DiceI do not know for sure when you’ll go bald. It is commonly thought that genetic balding tends to be inherited from the mother’s side, but this is not a definite rule. You cannot predict hair loss on mother/father/family history alone. You can expect nearly a 50/50 chance of inheriting from one side or the other, like a roll of the dice. It might actually be 52/48 in favor of the mother’s side, but it is close enough to not rule the father’s side out completely.

Tags: hairloss, hair loss, genetics, family history


Your blog is very helpful has recently ive been concerned about my hair. I’m 18, and ive always had a Norwood #2 hairline, its never been a straight hairline. I have thick hair, but its very light, hairdressers etc always say its so thick. I realise this doesnt mean your not going bald. But when I look under light in my bathroom, pretty strong light, or just look at my hair under any reasonably strong light, i can see my scalp in a line that zig zags slightly from my crown to my hairline, but when it reaches my hairline its thin in a patch. You cant see it when its not exposed to strong light really, maybe the odd weak spot. I dont really notice that many hairs, but now that I’m paranoid about going bald i notice just about every hair i lose. My father has black hair unlike mine, and his hairline is pretty similar to mine, my grandfather on my mothers side, and my uncle are the only ones that displayed signs of male pattern baldness, but they didn’t get it till they were well into their 40s/50s.

So my question is, is it common for people with fair hair to see their scalp when under strong light, or sun light. Or can MPB be the reason for this?

LightMale pattern balding could be a cause for what you’re seeing, but what you’re describing is something commonly seen under harsh, direct, or bright lights. Lighting can make any hair appear to be thinner than it is, and if your hair is fine, the problem would even be more prominent.

I wouldn’t be too concerned about this, but if you see a doctor for it be sure to have your scalp mapped for miniaturization so you can actually have a metric to go back and look at in a follow-up visit.

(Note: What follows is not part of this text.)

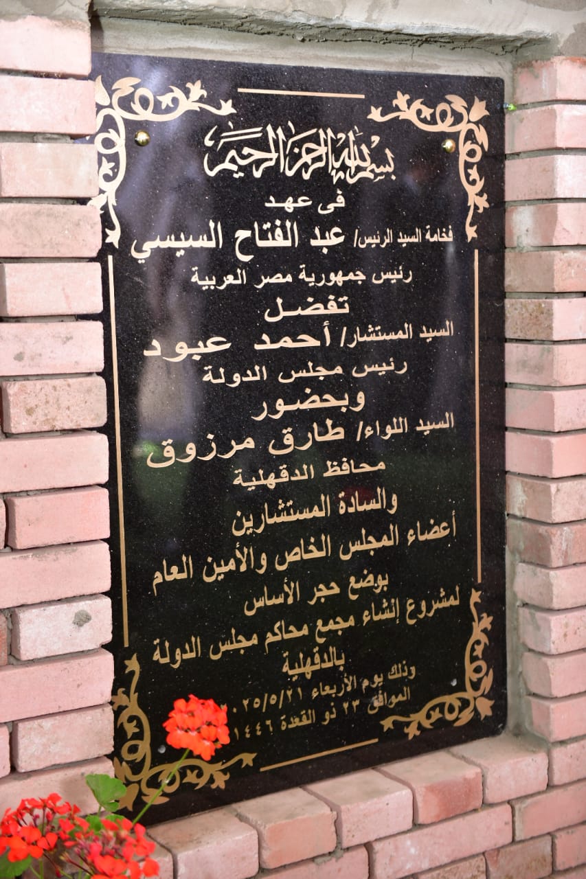 كما وضع محافظ الدقهلية ورئيس مجلس الدولة، حجر الأساس للمبنى الجديد لمجمع محاكم المجلس، الذي يقام على مساحة 400 متر، ويتكون المبنى من 2 بدروم، 2 دور أرضي، 6 أدوار علوية متكررة، حيث استعرضا التصميم الإنشائي للمبنى.

Tags: hairloss, hair loss, fine hair, lighting

Dear Dr.,

Thanks always for devoting your time to the public with this forum. I notice you’ve been getting swamped with questions about a cloning cure (i.e. a class 7 bald person having a teen-age head of hair again), and people don’t seem to want to accept such a thing is so many years away. I was wondering if it’s more realistic to speculate: for those of us in our early 30’s who’ve preserved most of our hair and reversed some thinning with Propecia, is it reasonable to think a better pharmaceutical for holding on to what we’ve got will come out at some point this decade?

Thank you

There are drugs in the pipeline for hair loss, but the real question is which, if any, will make it through the investigative and FDA process. It must be proven to be safe and effective at doing what the manufacturer will claim. So I suppose it is reasonable to assume (or at least hope) something will come out eventually, but I couldn’t begin to guess at how much better it will be than what is available now. Keep your fingers crossed.